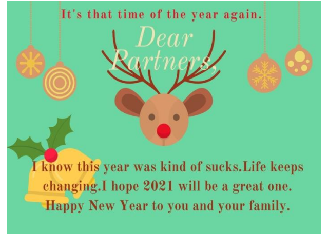
İyi dileklerimiz tüm Dünya için.
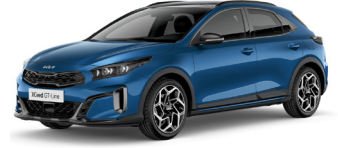
Blue Flame (B3L) Prémium Metál
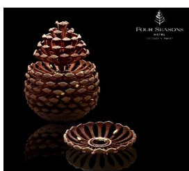
Maxime Frédéric George V - Paris

Créée par des ingénieurs en aéronautique en 2017, la start-up Mokaya mêle les technologies de design et d'impression 3D au savoir-faire des pâtissiers. La société crée des moules de pâtisserie ultra-personnalisés et d'exception. Près de 150 chefs dont 30 parmi les plus grands noms, comme Pierre Hermé, Cédric Grolet et Michaël Bartocetti ont, depuis sa création, sollicité la start-up pour libérer leur créativité ; les possibilités offertes par la 3D étant quasi illimitées.
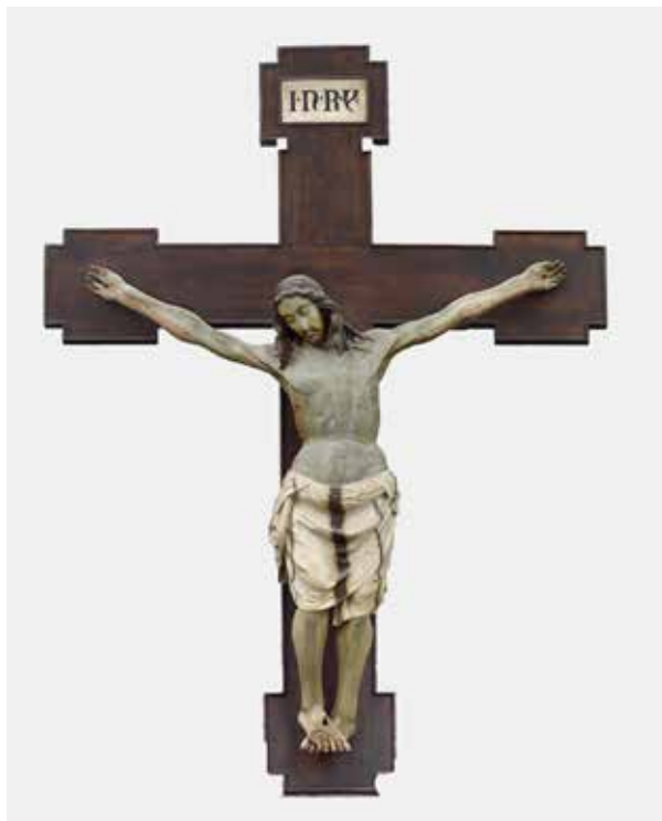
Fig. 9 - Maestro di Campo di Giove (Nicola Olivieri da Pietransieri?), Crocifisso ligneo, Sulmona, San Francesco della Scarpa.

dovico di Tolosa, l'unica opera superstite riconducibile ai primi due secoli dell'insediamento minoritico a Sulmona sembra costituita dallo stupendo Crocifisso tardo-gotico intagliato e dipinto (h cm 180) sospeso davanti all'altare maggiore (fig. 9). Prima della Seconda guerra mondiale la sua presenza in chiesa è segnalata sul muro della controfacciata, a destra. 41 Liberato dalle ridipinture, il manufatto appare modellato sui Crocifissi riferiti al Maestro di Visso/Maestro della Croce di Trevi 42 per l'inclinazione accentuata del capo che determina la ricaduta in avanti della capigliatura, per la morbidezza del modellato, per la forma arrotondata del ventre, per la lunghezza del perizoma elasticamente aderente alle ginocchia. Da quegli esemplari il Crocifisso di
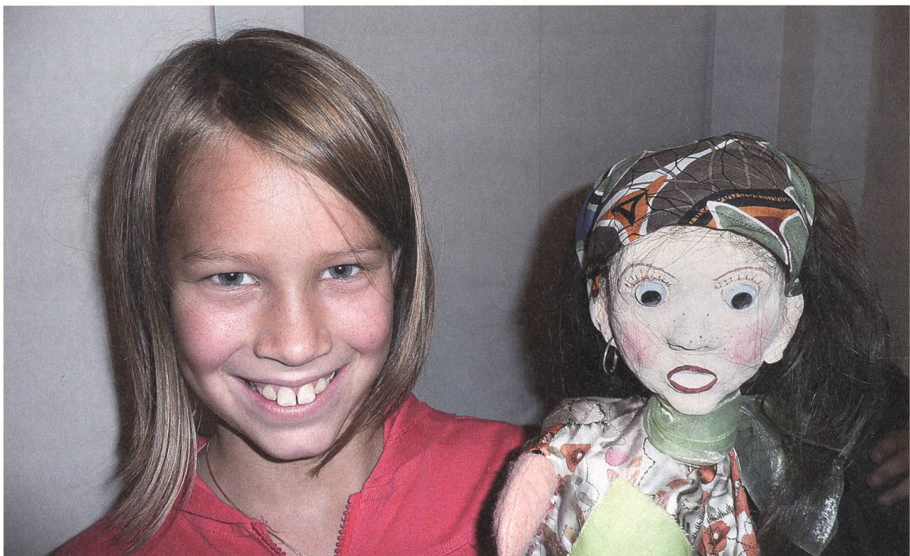
Kinderclub des Nidwaldner Museums: Kinder gestalten Handpuppen.

Der Höhepunkt des Clubjahres stand im September auf dem Programm. Alle waren gespannt auf die erste Museumsnacht: Nach einem feinen Apéro im Garten des Winkelriedhauses folgte schon die erste Überraschung: Im Dachstock wartete «DChronä-Liina» und erzählte von ihrem feudalen Leben als Königin. Im Anschluss an das Puppentheater stellten die Kinder ihre selber gestalteten Handpuppen vor. Erstaunlich, welche Abenteuer
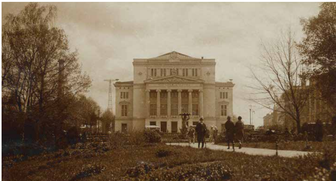
Rīga. Latvijas Nacionālā opera, (193-).
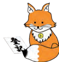
不動産登記推進 イメージキャラクター 「トウキツネ」

令和6年4月1日から相続登記が義務化され、相続（遺言を含む）によって不動産を取得した相続人は、その所有権を取得したことを知った日から3年以内に相続登記の申請をしなければならないこととされました。また、正当な理由がないのに、不動産の相続を知ってから3年以内に相続登記の申請をしないと、10万円以下の過料が科される可能性があります。相続人申告登記（相続登記より簡易に義務を履行できる、無料の手続）を行うことで、過料が科されなくなります。
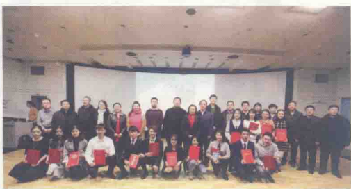
参加总决赛的选手与出席活动的领导、评委合影留念
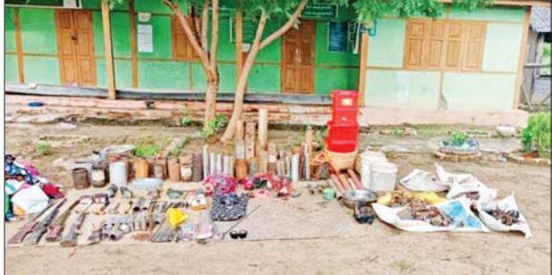
မုံရွာမြို့နယ် စည်သာကျေးရွာ စာသင်ကျောင်းအတွင်းမှ လက်နက်၊ ခဲယမ်းနှင့် ဆက်စပ်ပစ္စည်းများ သိမ်းဆည်းရမိမှု မှတ်တမ်းဓာတ်ပုံများ။
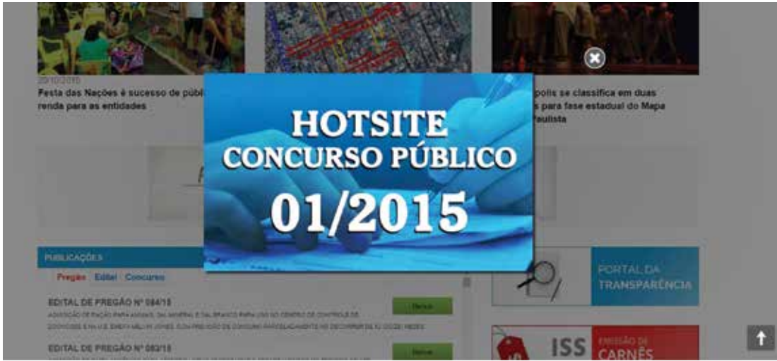
Reprodução do hotsite do concurso público no site oficial da Prefeitura de Fernandópolis

line’. A Prefeitura e o Instituto Brasileiro de Formação e Capacitação – IBFC, definiram a prorrogação do período de inscrições, que vai até as 23h59 deste domingo, dia 25 – os boletos gerados neste domingo poderão ser pagos até segunda-feira. As inscrições são efetuadas no site do IBFC – www.ibfc.org.br , sendo possível ter acesso a todas as informações sobre o certame através do hotsite da Prefeitura de Fernandópolis – www.fernandopolis.sp.gov.br/hotsite/concurso2015 . Os valores das inscrições são: R$ 36,08 para os cargos de Nível Fundamental; R$ 51,08 para os cargos de Nível Médio/Técnico; R$
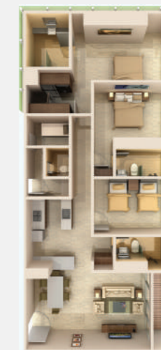
SIGNATURE LEVEL 102 m 2
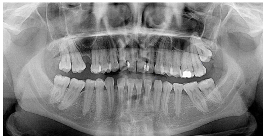
Şekil 2 : Postoperatif 3. yıl OPG

Radiküler kist ön tanısı ile hasta genel anestezi altında opere edildi. İlişkili dişin çekimi gerçekleştirildi, çekim soketi genişletildi ve kistik lezyon çekim boşluğundan enükle edildi. Histopatolojik inceleme sonucu lezyonun radiküler kist olduğu doğrulandı. Postoperatif dönemde herhangi bir komplikasyon gözlenmedi. Hastanın takipleri devam etmektedir(Şekil 2).
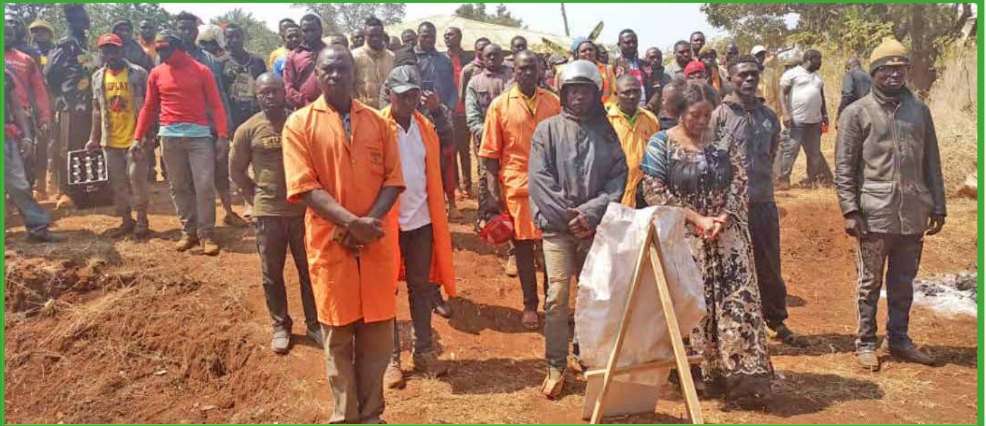
Madame le maire au chevet de la famille d'un mototaximan décédé par accident
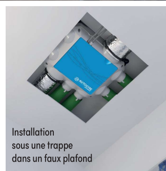
Installation sous une trappe dans un faux plafond
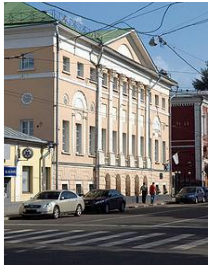
Здание, в котором расположен центральный офис партии

«Яблоко» возникло и развивалось в русле демократического движения как альянс политических групп, представлявших различные идеологические течения — либералов. В процессе формирования партии необходимо было определиться с тем, какую «нишу» в партийно-политическом спектре она займёт — станет ли она в конечном итоге социал-демократической или либеральной партией. Нужно было также решить, какая именно формула либерализма может наиболее точно выразить её идейное кредо. Решающим фактором, повлиявшим на такое решение, стало отношение к происходящим изменениям в стране.
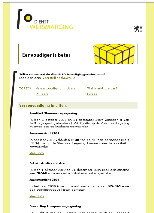
Figuur 2: Voorbeeld van Nieuwsbrief wetsmatiging
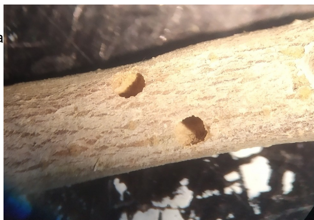
Agujeros de salida de Hylesinus

El tratamiento para el Prays carpófaga sirve también para el barrenillo negro
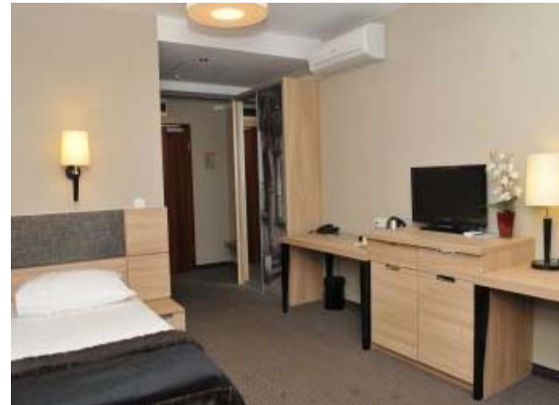
IV) Hotel**** in Elbląg,
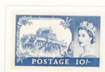
Castillo de Edimburgo
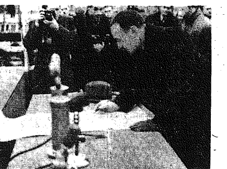
W rocznicę położenia kamienia węgielnego pod budowę Domu Polskiej Zjednoczonej Partii Robotniczej w Warszawie...
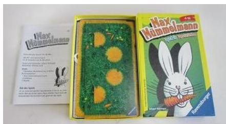
501 マイティーマックス
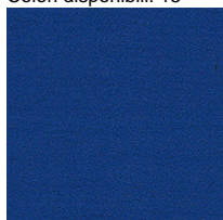
Stoff AB - Xtreme Plus / Camira Colori disponibili: 6
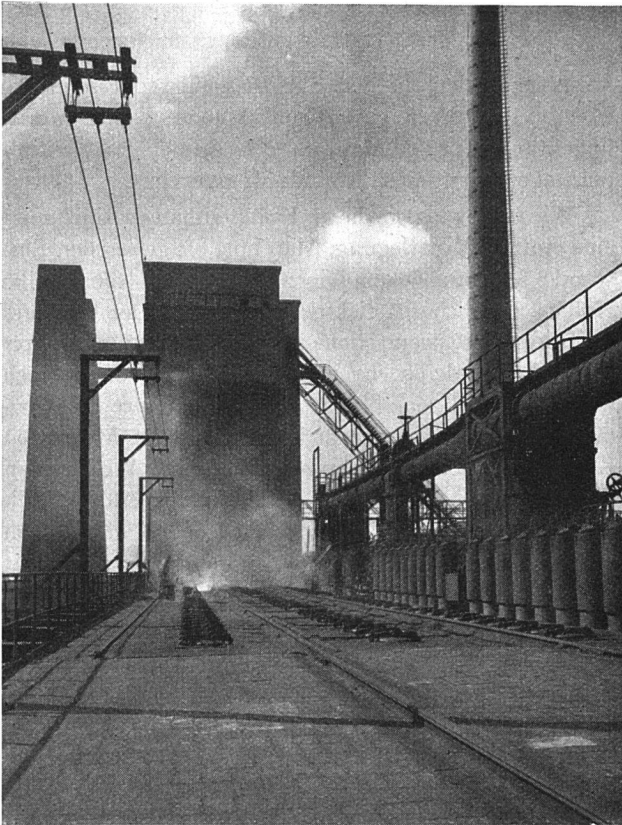
Auf der Ofenkammer des Gaswerkes Zürich

worden, der erfinderische Geist des Menschen hat einen Weg entdeckt, den Ersatz, vielleicht sogar mit noch vollkommeneren Eigenschaften, doch schließlich zu beschaffen. Man denke an die Farbstoffe, an Gummi, an Textilstoffe und anderes mehr. Vorläufig aber muß die Kohle in mancherlei Hinsicht gleichwohl noch als unersetzlich bezeichnet werden.

Problem to work on —
Every line of the material that holds "партии" should be copied out as the answer.

Solution for this problem —
Здание, в котором расположен центральный офис партии
«Яблоко» возникло и развивалось в русле демократического движения как альянс политических групп, представлявших различные идеологические течения — либералов. В процессе формирования партии необходимо было определиться с тем, какую «нишу» в партийно-политическом спектре она займёт — станет ли она в конечном итоге социал-демократической или либеральной партией. Нужно было также решить, какая именно формула либерализма может наиболее точно выразить её идейное кредо. Решающим фактором, повлиявшим на такое решение, стало отношение к происходящим изменениям в стране.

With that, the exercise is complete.